What is needed —
The lines to return are those from the line holding "sans modération. |" through the last line of the entries below, both included, written exactly and without pictures.

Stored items
BEGIN

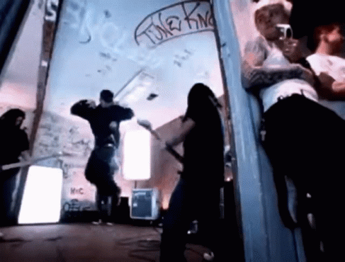 Deftones band members energetically performing their music in a room with graffiti on the walls.
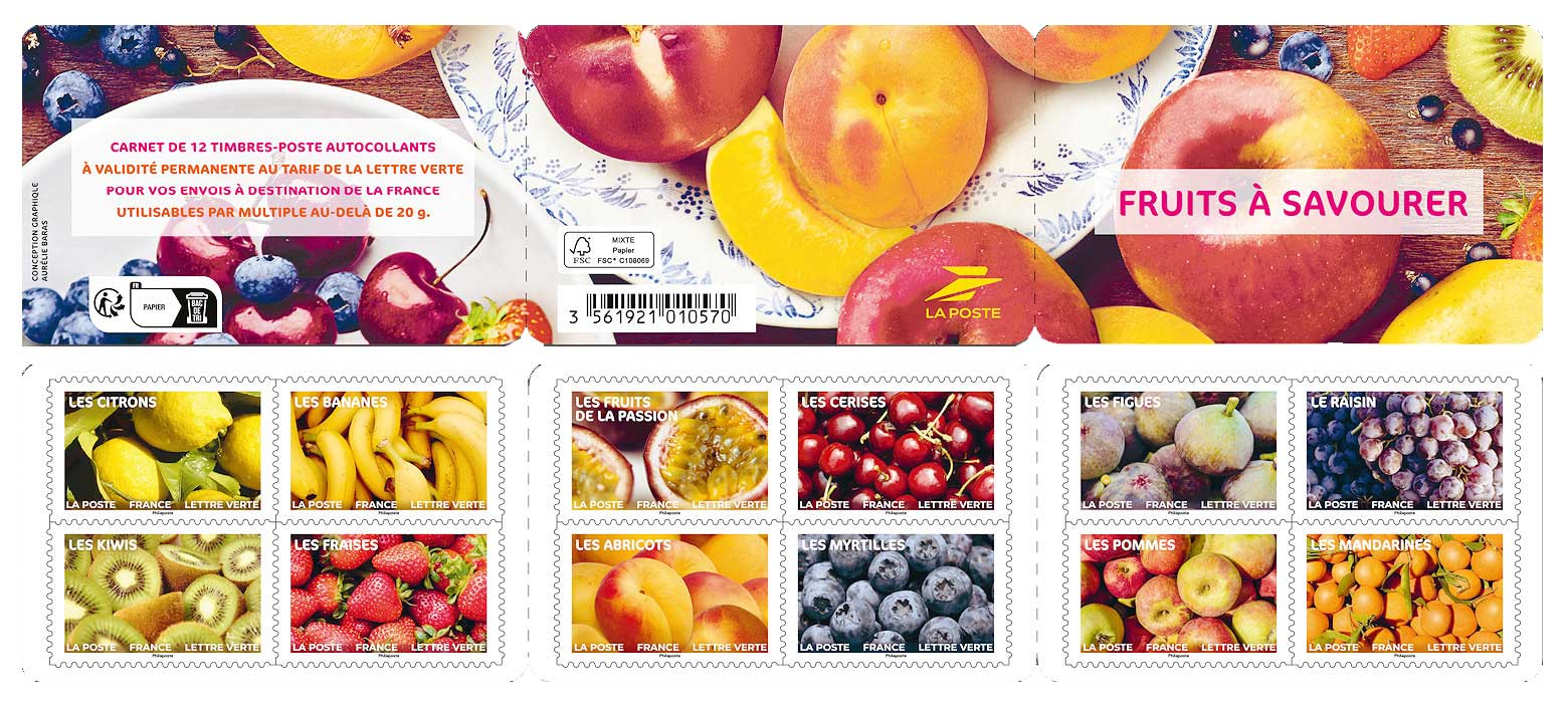 | Description | Émission d'un carnet de 12 timbres-poste illustré par des photographies de fruits à savourer sans modération. |
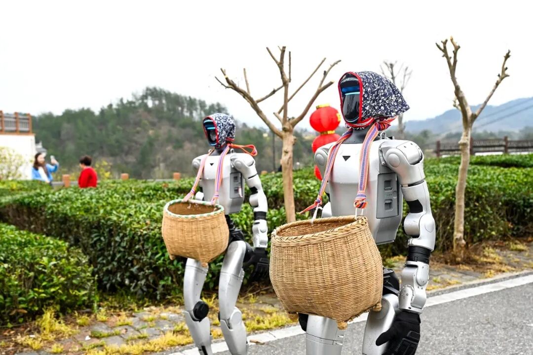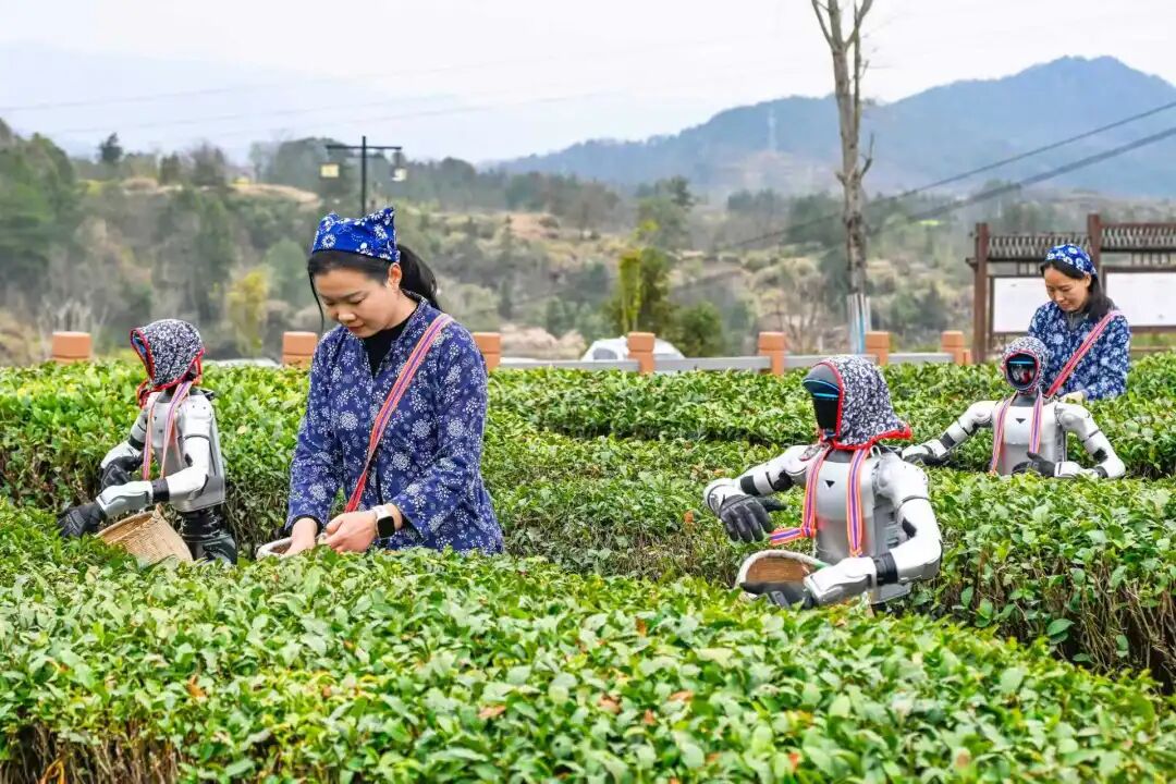 近日,在湖北省黄冈市英山县乌云山村茶园里,智能机器人与茶农一同进田采摘春茶,以科技手段助力春耕生产,为传统茶产业注入新动能。中新社供图
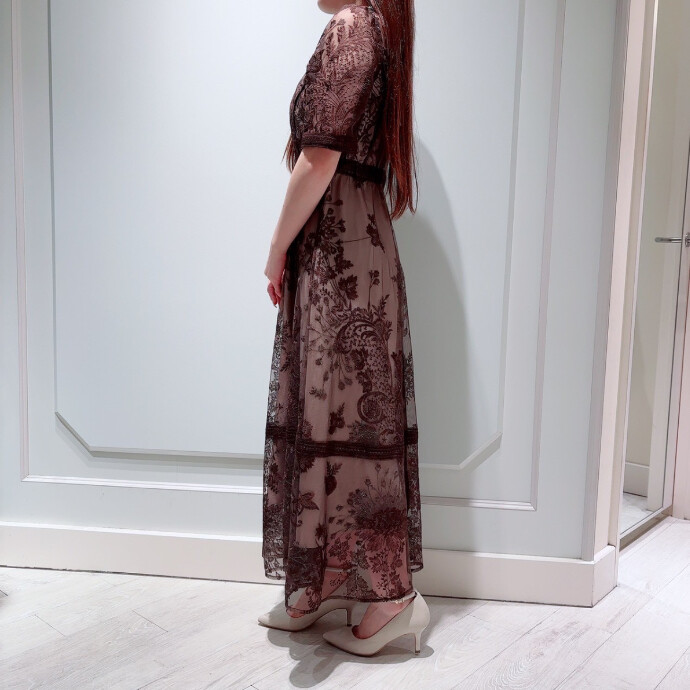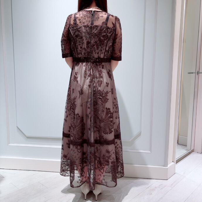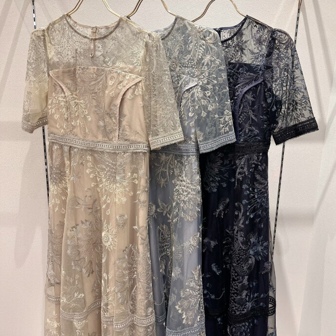 繊細なラダーステッチを全体にあしらった上品なドレス👗💐
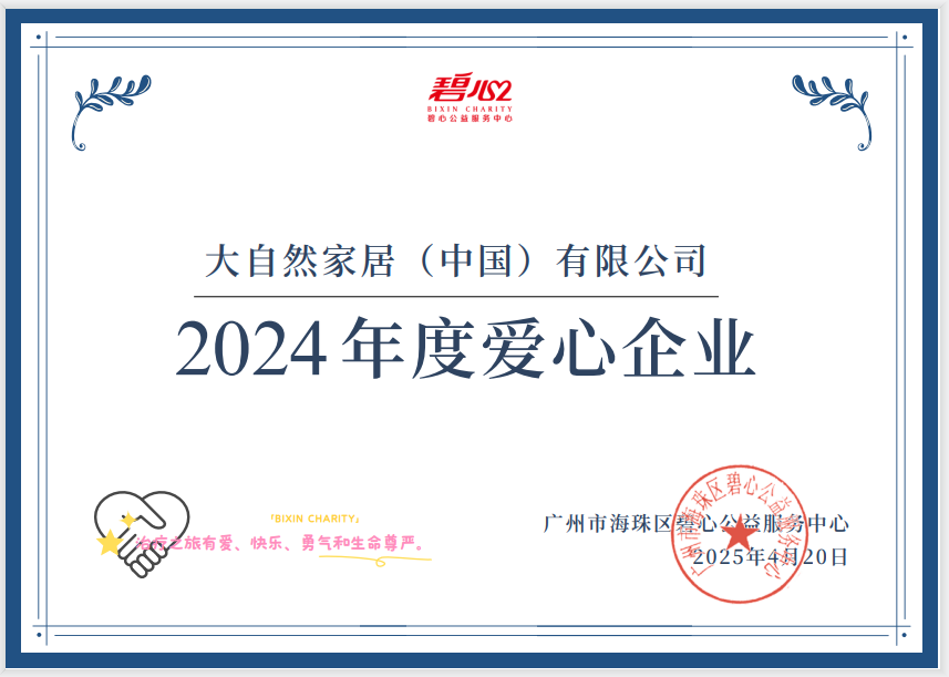 大自然家居堅持“擔環(huán)保責任、普健康生活、做健康家居”的企業使命。2006年,大自然推出“中國綠色版圖工程”,至今每年堅持公益植樹,向中國綠化基金會累計捐資2000萬元,先后在國內外組織“我為黃河種棵樹”、“我為呼吸種棵樹”、“我為孩子種棵樹”、“我為藍天種棵樹”等公益植樹活動,在國內外22個地區已種植30片生態(tài)林,植樹超100萬棵。
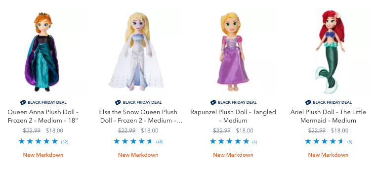 If you’re looking for dolls, you can get some classic dolls (like this Elsa one) for just $15 or $16 (down from $19.99).
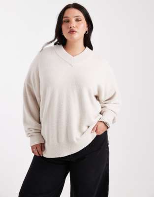 ASOS CURVE Asos Design Curve Oversized Super Soft V Neck Sweater In Neutral

END

Result below —
 | Description | Émission d'un carnet de 12 timbres-poste illustré par des photographies de fruits à savourer sans modération. |
 近日,在湖北省黄冈市英山县乌云山村茶园里,智能机器人与茶农一同进田采摘春茶,以科技手段助力春耕生产,为传统茶产业注入新动能。中新社供图
 繊細なラダーステッチを全体にあしらった上品なドレス👗💐
 大自然家居堅持“擔環(huán)保責任、普健康生活、做健康家居”的企業使命。2006年,大自然推出“中國綠色版圖工程”,至今每年堅持公益植樹,向中國綠化基金會累計捐資2000萬元,先后在國內外組織“我為黃河種棵樹”、“我為呼吸種棵樹”、“我為孩子種棵樹”、“我為藍天種棵樹”等公益植樹活動,在國內外22個地區已種植30片生態(tài)林,植樹超100萬棵。
 If you’re looking for dolls, you can get some classic dolls (like this Elsa one) for just $15 or $16 (down from $19.99).
 ASOS CURVE Asos Design Curve Oversized Super Soft V Neck Sweater In Neutral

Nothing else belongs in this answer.